• [About this task] Find "Slicing paths through" and "专业技术职务任职资格情况一览表-佟苗苗" in the records below. Copy the lines holding them and every line between, exactly, and no others.

• [Dataset content]

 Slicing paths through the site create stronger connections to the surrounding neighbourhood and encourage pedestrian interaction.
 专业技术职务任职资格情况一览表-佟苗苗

---

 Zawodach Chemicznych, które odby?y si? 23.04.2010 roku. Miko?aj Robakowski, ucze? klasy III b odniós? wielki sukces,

• [Answer to the exercise]
 Slicing paths through the site create stronger connections to the surrounding neighbourhood and encourage pedestrian interaction.
 专业技术职务任职资格情况一览表-佟苗苗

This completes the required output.